Repeat the listing word for word. No pictures belong in the copy.

= Records for processing =
━━━
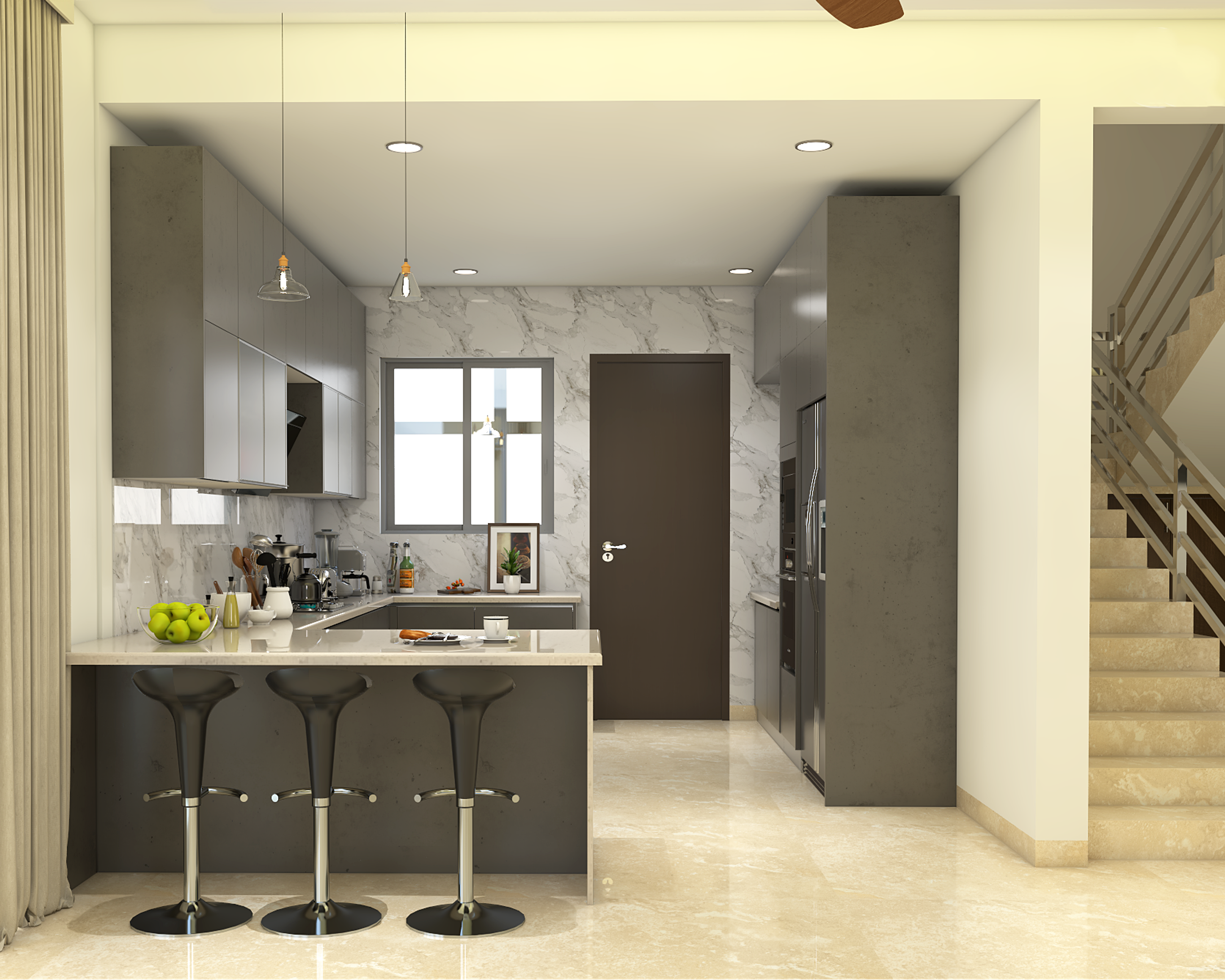 Modern U-Shaped Modular Kitchen Design
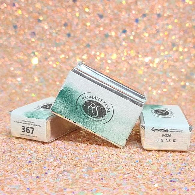 Aquarius Watercolors – najwyższej jakości wilgotne farby akwarelowe, produkowane w Polsce przez markę Roman Szmal. Gama kolorów obejmuje aż 140 pozycji! Większość barw opiera się na jednym pigmencie – dzięki temu uzyskamy oczekiwane kolory podczas ich mieszania. Spoiwem farb jest guma arabska i miód pszczeli. Duże kostki (full pan) charakteryzują się wysoką wydajnością oraz intensywnością kolorów. Wszystkie kolory posiadają najwyższa klasę światłoodporności według skali Blue Wool.
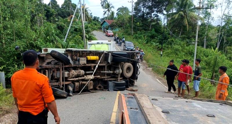 Berdasarkan informasi yang diterima, truck tersebut terbalik setelah mengalami kecelakaan tunggal, menghalangi jalur utama yang menghubungkan Muara Teweh dan Puruk Cahu.
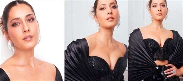 The adored actress Raashi Khanna easily captivates audiences with her alluring appearance and inherent charisma. She is adamant about keeping herself physically active and working to improve her abilities. It's difficult to express how stunning Raashi Khanna appears in this specific outfit. She is dressed in a glistening black ensemble with a broad neckline that highlights her feminine appeal and makes her incredibly alluring.
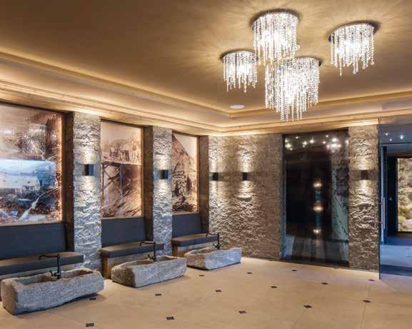 … können gleichzeitig historische Steine aus dem Bodenaushub und Natursteine aus einem Umkreis von 15 km, welche von traditionellen Südtiroler Handwerkskünstlern meisterhaft in Szene gesetzt wurden, bestaunen. Was für ein Saunaerlebnis!
━━━
= Solved problem =
 Modern U-Shaped Modular Kitchen Design
 Aquarius Watercolors – najwyższej jakości wilgotne farby akwarelowe, produkowane w Polsce przez markę Roman Szmal. Gama kolorów obejmuje aż 140 pozycji! Większość barw opiera się na jednym pigmencie – dzięki temu uzyskamy oczekiwane kolory podczas ich mieszania. Spoiwem farb jest guma arabska i miód pszczeli. Duże kostki (full pan) charakteryzują się wysoką wydajnością oraz intensywnością kolorów. Wszystkie kolory posiadają najwyższa klasę światłoodporności według skali Blue Wool.
 Berdasarkan informasi yang diterima, truck tersebut terbalik setelah mengalami kecelakaan tunggal, menghalangi jalur utama yang menghubungkan Muara Teweh dan Puruk Cahu.
 The adored actress Raashi Khanna easily captivates audiences with her alluring appearance and inherent charisma. She is adamant about keeping herself physically active and working to improve her abilities. It's difficult to express how stunning Raashi Khanna appears in this specific outfit. She is dressed in a glistening black ensemble with a broad neckline that highlights her feminine appeal and makes her incredibly alluring.
 … können gleichzeitig historische Steine aus dem Bodenaushub und Natursteine aus einem Umkreis von 15 km, welche von traditionellen Südtiroler Handwerkskünstlern meisterhaft in Szene gesetzt wurden, bestaunen. Was für ein Saunaerlebnis!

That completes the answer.